Western Baptist named one of nation's Top Cardiac Hospitals

Western Baptist Hospital has been named one of the nation's 100 Top Hospitals® for cardiovascular care by Thomson Reuters.
The annual study — 100 Top Hospitals®: Cardiovascular Benchmarks — examined 971 hospitals, analyzing clinical outcomes for patients diagnosed with heart failure and heart attacks and for those who received coronary bypass surgery or percutaneous cardiovascular interventions, such as angioplasties. (For more information, see brochure.)
This is the first time Western Baptist has been recognized with this honor. It is one of 30 community hospitals, along with 70 teaching hospitals, on the list. The only other Kentucky hospital is St. Joseph-London (Ky.), and Vanderbilt University Medical Center is the only Tennessee hospital listed.
The 2009 winners were announced Nov. 16 in Modern Healthcare magazine.
“Cardiovascular disease is still the number-one killer in the United States so we look for the hospitals that provide the best care,” said Jean Chenoweth, senior vice president for performance improvement and 100 Top Hospitals programs of Thomson Reuters. “These hospitals set the national standard for cardiovascular disease outcomes, process of care, efficiency, and lower costs. They deliver significant value to their communities.”
The study, in its 11th year, found that the 100 Top Hospitals cardiovascular winners have:
- 17 percent lower mortality rates for heart attack patients.
- 10 percent lower mortality rates for heart failure patients
- 27 percent lower mortality for bypass surgery patients.
- 22 percent lower mortality following PCI.
- Fewer post-operative complications — 99 percent of patients were complication-free.
- Close to 12 percent shorter average hospital stay.
- 12 percent lower cost per case.
Larry Barton, Western Baptist president and CEO, credited physicians and staff for the hospital’s tradition of excellent cardiac care. “It is gratifying to be recognized for providing quality care,” he said, “because for our heart patients, this means better performance, fewer complications and lower mortality rates.”
He noted Western Baptist’s cardiac care has been recognized in the nation’s top 5 percent with national accreditation for its chest pain center and the Gold Performance Achievement Award for coronary artery disease treatment in the American Heart Association’s Get with the Guidelines program. Last year, Western Baptist was named among Thomson Reuters 100 Top Hospitals®: Performance Improvement Leaders.
Hospitals do not pay to be included in the 100 Top Hospitals program, nor pay for a license to market the awards.

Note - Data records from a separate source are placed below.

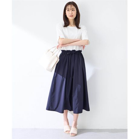 裾に向かってなだらかに広がるAラインのシルエットになっており、フェミニンなムードを演出します。
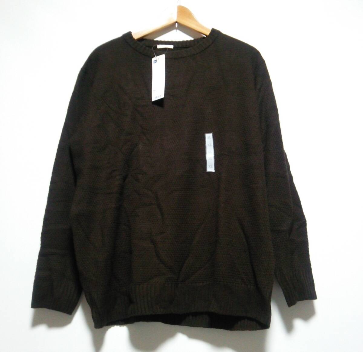 > 新品 タグ付 GU ジーユー 秋冬 タッククルーネックセーター ニット トレーナー ブルゾン ダークブラウン メンズXLサイズ
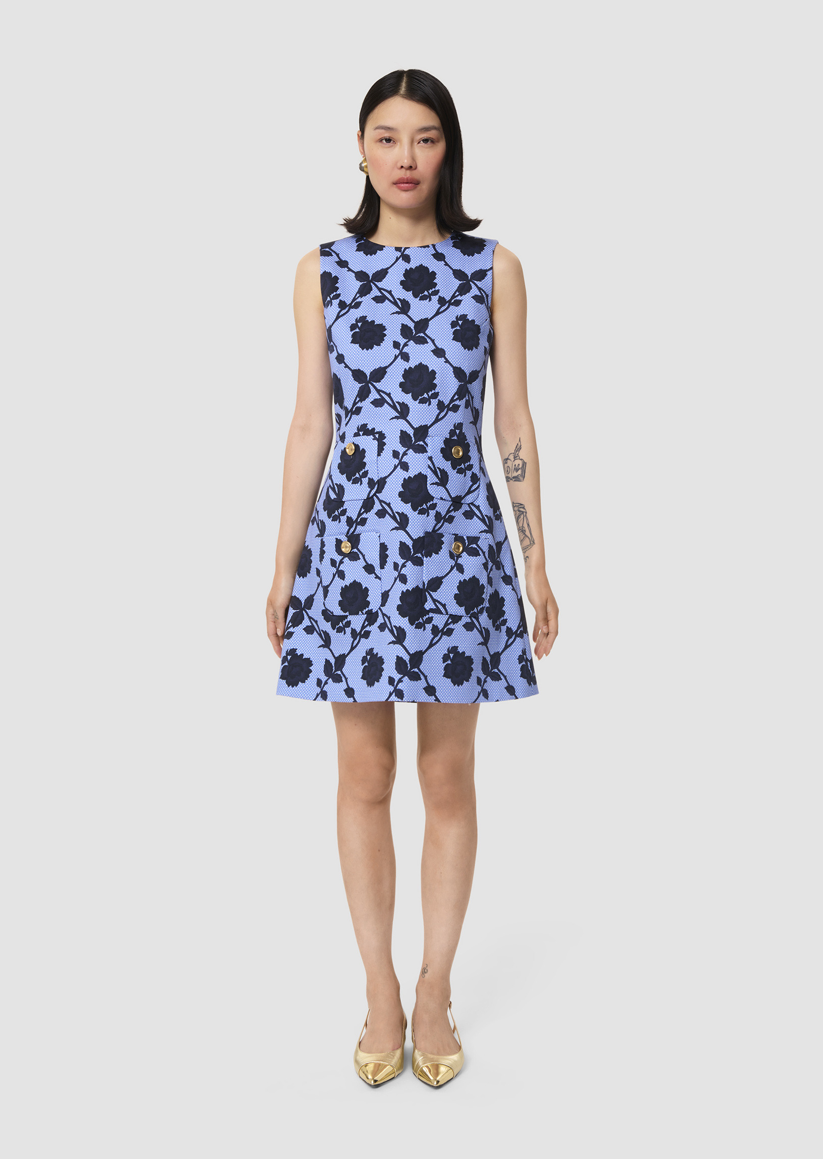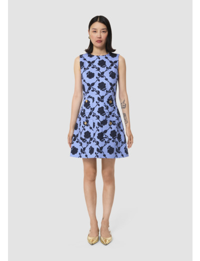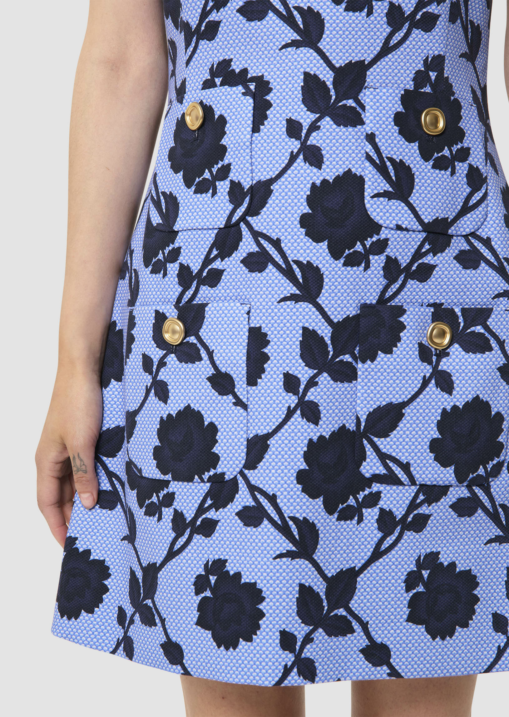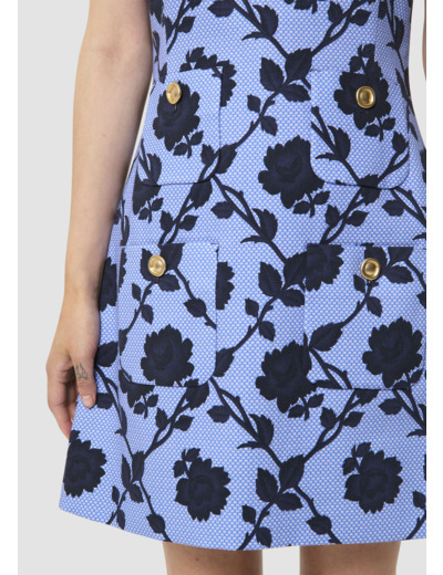 Cette robe courte sans manches couleur bleu horizon en toile caviar possède un col. Elle est cintrée à la taille et arbore une coupe trapèze ultra féminine. Son esprit 60's est apporté par ses quatre poches plaquées au devant décorées d'un bouton bijoux. Son twist réside dans son motif “rose garden” et la petite encolure en V dans le dos. Elle se ferme au dos par un zip invisible.

The 100 Top Hospitals study focused on short-term, acute care, non-federal U.S. hospitals that treat a broad spectrum of cardiology patients. Thomson Reuters researchers analyzed 2007 and 2008 Medicare Provider Analysis and Review (MedPAR) data, 2008 Medicare cost reports, and data from other sources.

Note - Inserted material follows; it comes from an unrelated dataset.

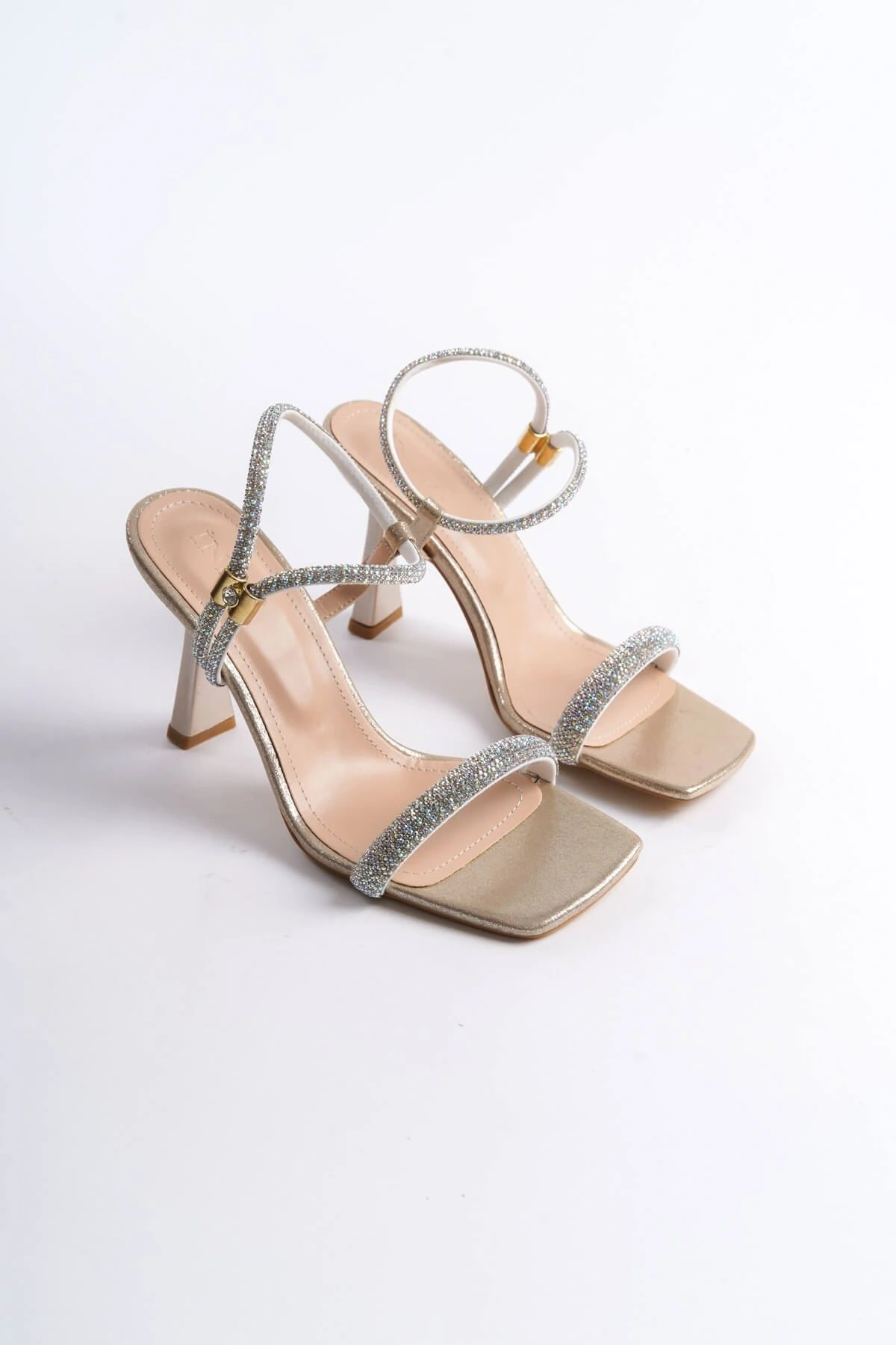 Destina Altın Taşlı Kadın Topuklu Sandalet

They scored hospitals in key performance areas: risk-adjusted medical mortality, risk-adjusted surgical mortality, risk-adjusted complications, core measures score, percentage of coronary bypass patients with internal mammary artery use, procedure volume, severity-adjusted average length of stay, and wage- and severity-adjusted average cost.
The 100 winners are listed at www.thomsonreuters.com.